THE DATA START
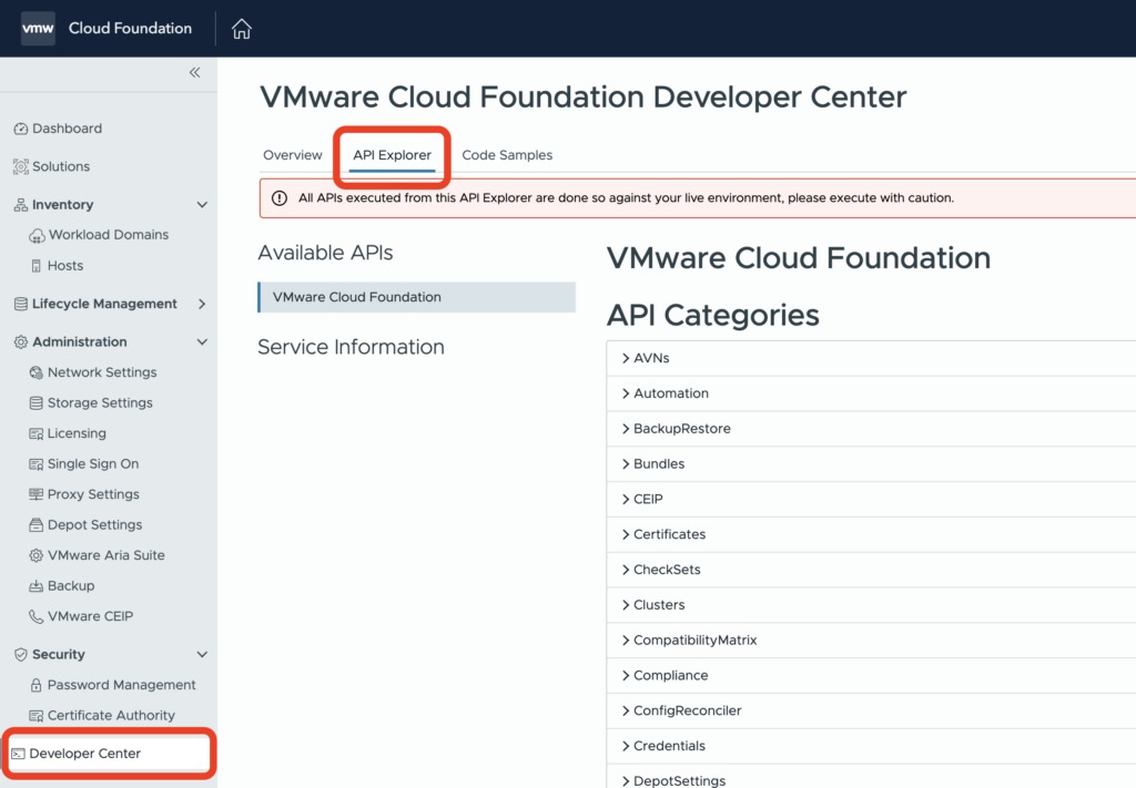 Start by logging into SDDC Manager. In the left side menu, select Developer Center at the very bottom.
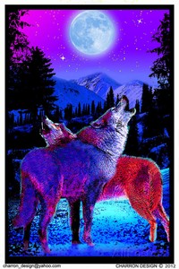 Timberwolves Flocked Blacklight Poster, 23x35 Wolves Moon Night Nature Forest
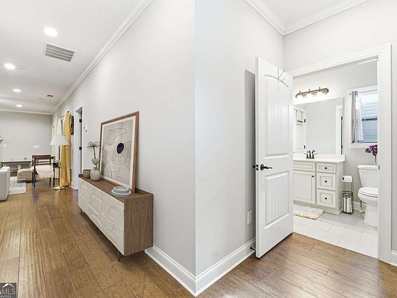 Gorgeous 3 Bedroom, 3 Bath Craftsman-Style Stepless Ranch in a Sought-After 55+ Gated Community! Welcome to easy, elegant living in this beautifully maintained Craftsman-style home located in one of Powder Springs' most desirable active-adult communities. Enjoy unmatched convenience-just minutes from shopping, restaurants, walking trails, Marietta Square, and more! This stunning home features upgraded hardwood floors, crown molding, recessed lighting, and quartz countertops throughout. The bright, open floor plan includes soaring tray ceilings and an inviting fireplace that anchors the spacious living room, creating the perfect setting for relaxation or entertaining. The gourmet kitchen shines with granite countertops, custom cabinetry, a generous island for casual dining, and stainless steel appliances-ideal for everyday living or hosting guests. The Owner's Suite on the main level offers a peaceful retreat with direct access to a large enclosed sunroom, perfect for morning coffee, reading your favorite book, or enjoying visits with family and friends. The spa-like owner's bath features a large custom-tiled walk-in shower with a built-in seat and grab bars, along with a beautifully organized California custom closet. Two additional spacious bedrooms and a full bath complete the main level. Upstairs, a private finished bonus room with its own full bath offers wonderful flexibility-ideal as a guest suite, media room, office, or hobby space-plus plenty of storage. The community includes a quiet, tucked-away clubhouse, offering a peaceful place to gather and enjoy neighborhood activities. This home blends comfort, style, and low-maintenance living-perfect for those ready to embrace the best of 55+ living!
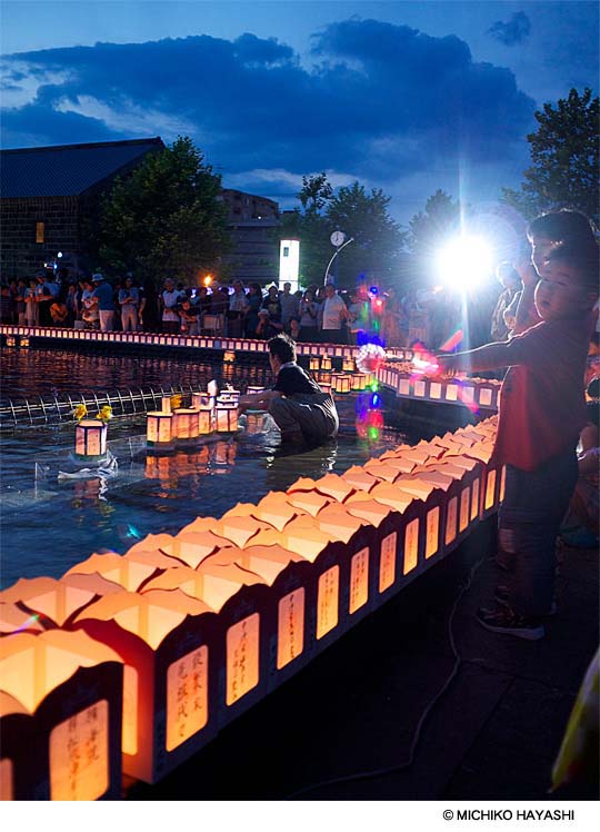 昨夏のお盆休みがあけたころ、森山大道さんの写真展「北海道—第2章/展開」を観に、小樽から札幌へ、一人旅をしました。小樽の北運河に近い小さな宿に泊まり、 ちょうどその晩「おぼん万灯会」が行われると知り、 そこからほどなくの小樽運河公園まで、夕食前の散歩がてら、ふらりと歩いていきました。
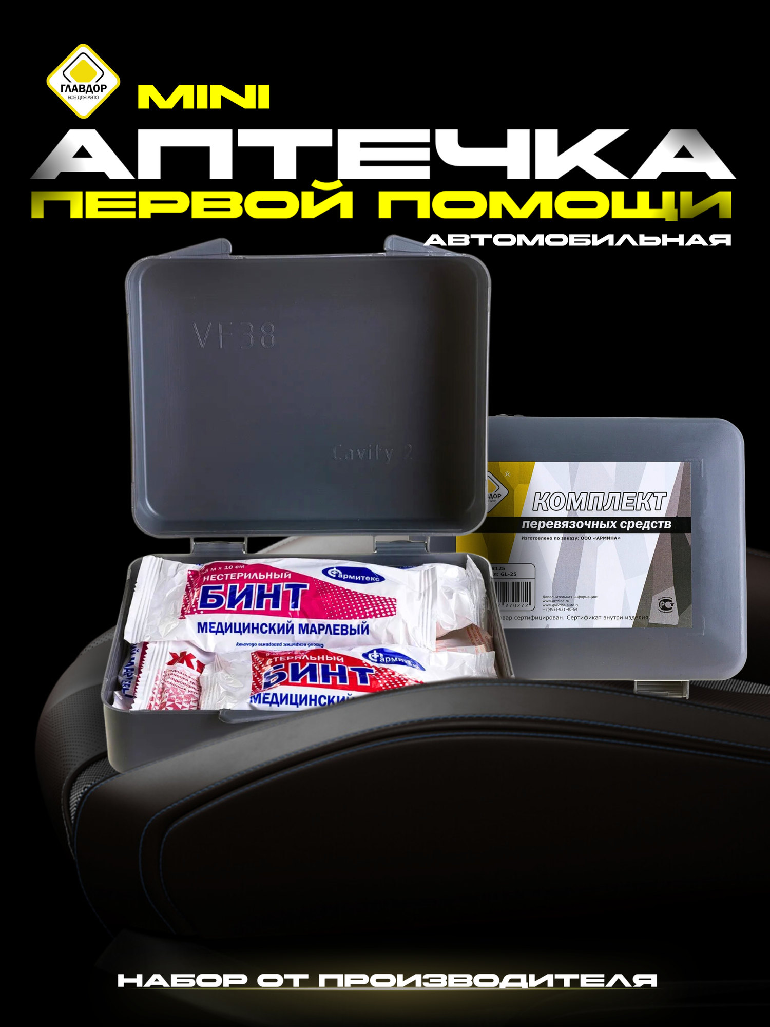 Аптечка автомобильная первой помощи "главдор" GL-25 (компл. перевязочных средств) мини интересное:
THE DATA END
- WHAT THIS TASK INVOLVES -
Write out all the entries precisely as given, omitting each image.

- TASK RESPONSE -
 Start by logging into SDDC Manager. In the left side menu, select Developer Center at the very bottom.
 Timberwolves Flocked Blacklight Poster, 23x35 Wolves Moon Night Nature Forest
 Gorgeous 3 Bedroom, 3 Bath Craftsman-Style Stepless Ranch in a Sought-After 55+ Gated Community! Welcome to easy, elegant living in this beautifully maintained Craftsman-style home located in one of Powder Springs' most desirable active-adult communities. Enjoy unmatched convenience-just minutes from shopping, restaurants, walking trails, Marietta Square, and more! This stunning home features upgraded hardwood floors, crown molding, recessed lighting, and quartz countertops throughout. The bright, open floor plan includes soaring tray ceilings and an inviting fireplace that anchors the spacious living room, creating the perfect setting for relaxation or entertaining. The gourmet kitchen shines with granite countertops, custom cabinetry, a generous island for casual dining, and stainless steel appliances-ideal for everyday living or hosting guests. The Owner's Suite on the main level offers a peaceful retreat with direct access to a large enclosed sunroom, perfect for morning coffee, reading your favorite book, or enjoying visits with family and friends. The spa-like owner's bath features a large custom-tiled walk-in shower with a built-in seat and grab bars, along with a beautifully organized California custom closet. Two additional spacious bedrooms and a full bath complete the main level. Upstairs, a private finished bonus room with its own full bath offers wonderful flexibility-ideal as a guest suite, media room, office, or hobby space-plus plenty of storage. The community includes a quiet, tucked-away clubhouse, offering a peaceful place to gather and enjoy neighborhood activities. This home blends comfort, style, and low-maintenance living-perfect for those ready to embrace the best of 55+ living!
 昨夏のお盆休みがあけたころ、森山大道さんの写真展「北海道—第2章/展開」を観に、小樽から札幌へ、一人旅をしました。小樽の北運河に近い小さな宿に泊まり、 ちょうどその晩「おぼん万灯会」が行われると知り、 そこからほどなくの小樽運河公園まで、夕食前の散歩がてら、ふらりと歩いていきました。
 Аптечка автомобильная первой помощи "главдор" GL-25 (компл. перевязочных средств) мини интересное:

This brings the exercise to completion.